The conversation he'd overheard kept coming back to him, though, and one word in particular. Biggers. What was a Bigger? Something big and ugly, evidently, and presumably able to jump great distances, but was it just something they'd dreamed up, some figment of southern folk imagination, or... He felt himself growing excited as another possibility occurred to him. Could the people living hereabouts have actually seen some kind of creature fitting that description? Something big...
The Masters were big. The felisians had said so, and they'd seen them for themselves, had been their slaves for generations. And then there were their silver ships, clearly designed for creatures considerably larger than either humans or felisians. Was it possible that the Masters had established a colony somewhere nearby? Perhaps right alongside the spaceport towards which they, the Tharians, were headed with all speed? The Masters were scavengers of the ruins of lost civilisations, he reminded himself. That was why they'd gone to the felisians' world in the first place, to scrabble among the ruins of the Citybuilder civilisation for whatever might have survived. They might have come here for the same reason.
They would have to proceed with great caution from here on in, he told himself. Even greater caution than they'd shown approaching the border. The Masters had quite happily rounded up the entire felisian race to be a slave workforce. They might well be using humans the same way, and if the Tharians weren't careful they might end up as just five more slaves.

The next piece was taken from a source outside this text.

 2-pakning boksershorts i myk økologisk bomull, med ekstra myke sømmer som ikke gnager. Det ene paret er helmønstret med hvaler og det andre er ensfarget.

Or I might be reading far too much into the comments of a pair of children, he thought in amusement. It's just as likely that the Biggers were merely the local bogeymen, made up by the adults to control their children. Behave or the Biggers will get you. He smiled wryly at himself. Yes, that was all it was. He really had to get a rein on his overactive imagination.
When the others returned and he repeated the incident to them, however, they were less willing to dismiss the idea. "A colony of Masters waiting for us up ahead is a very real possibility," said Drenn grimly. "Someone flew those ships here, after all. Recently. Would they have just gone off and left their ships unattended?"

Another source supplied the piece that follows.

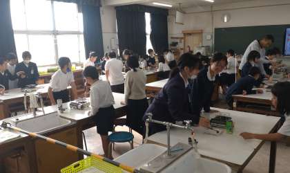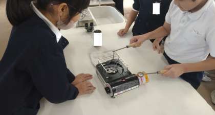 4年生が理科で、加熱器具を安全に正しく使って、金属をあたためたり冷やしたりしたときの体積の変化を調べています。グループで協力して実験に取り組んでいます。

"Those ships might have been there for thousands of years," pointed out Thomas. "They might have been there since this city fell."
The priest shook his head. "The ground level has risen several yards since the fall of the Ringbuilder civilisation. Look how deep the soil covering the original roads is. If those ships were as ancient as the rest of the city they would be half buried, but the map clearly depicts them as standing on the ground, their lowest points above ground level. Remember also that the felisians said the ships up in the ring were recent arrivals. No more than a few centuries old."
"He's right," agreed Matthew. "There were Masters on the felisian world until recently. There were Masters in the ring until recently. I think it's virtually certain there were Masters here very recently, and they might well still be here. I think we have to be prepared to run into them."
Thomas nodded, accepting the point, and when they set out again the next morning they proceeded as slowly and cautiously as if they were approaching a nest of dragons.